***** Given records
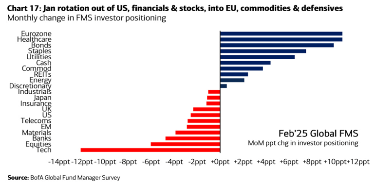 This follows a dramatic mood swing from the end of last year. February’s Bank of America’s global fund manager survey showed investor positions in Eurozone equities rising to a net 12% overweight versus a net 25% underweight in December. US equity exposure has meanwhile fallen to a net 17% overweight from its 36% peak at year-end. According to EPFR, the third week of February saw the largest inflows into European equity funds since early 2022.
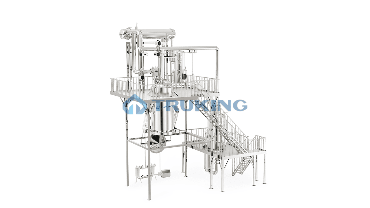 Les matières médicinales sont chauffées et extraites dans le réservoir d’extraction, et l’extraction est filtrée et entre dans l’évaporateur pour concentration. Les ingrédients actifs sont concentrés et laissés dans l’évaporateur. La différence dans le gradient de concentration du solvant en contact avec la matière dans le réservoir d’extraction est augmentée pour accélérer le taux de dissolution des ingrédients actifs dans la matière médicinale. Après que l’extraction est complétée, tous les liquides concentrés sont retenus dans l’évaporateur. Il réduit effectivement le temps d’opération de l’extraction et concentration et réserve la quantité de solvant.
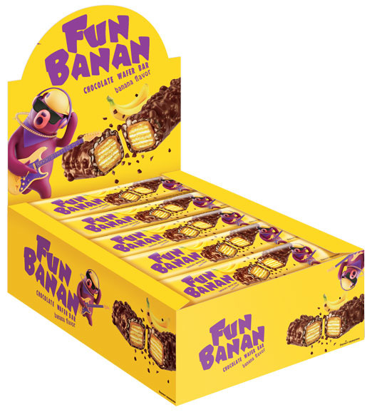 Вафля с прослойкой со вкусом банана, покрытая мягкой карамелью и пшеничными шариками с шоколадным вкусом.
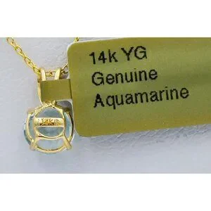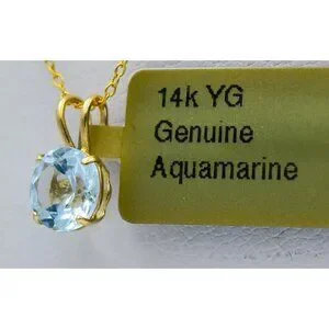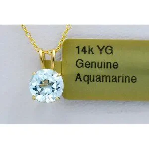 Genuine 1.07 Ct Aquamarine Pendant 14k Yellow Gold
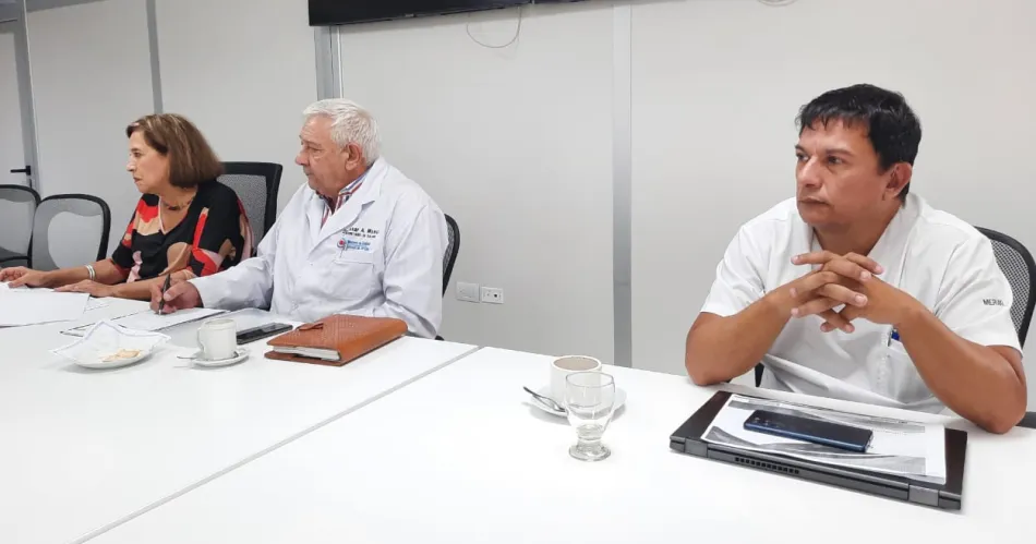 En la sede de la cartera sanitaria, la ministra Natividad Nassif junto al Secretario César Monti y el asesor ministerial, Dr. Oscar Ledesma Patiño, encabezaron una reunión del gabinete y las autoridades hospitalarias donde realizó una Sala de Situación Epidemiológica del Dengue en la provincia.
**********
— Task prompt —
Where the line containing "Вафля с прослойкой" appears in the data above, begin there and output every line through the last, exactly and without pictures.

— Result of the task —
 Вафля с прослойкой со вкусом банана, покрытая мягкой карамелью и пшеничными шариками с шоколадным вкусом.
 Genuine 1.07 Ct Aquamarine Pendant 14k Yellow Gold
 En la sede de la cartera sanitaria, la ministra Natividad Nassif junto al Secretario César Monti y el asesor ministerial, Dr. Oscar Ledesma Patiño, encabezaron una reunión del gabinete y las autoridades hospitalarias donde realizó una Sala de Situación Epidemiológica del Dengue en la provincia.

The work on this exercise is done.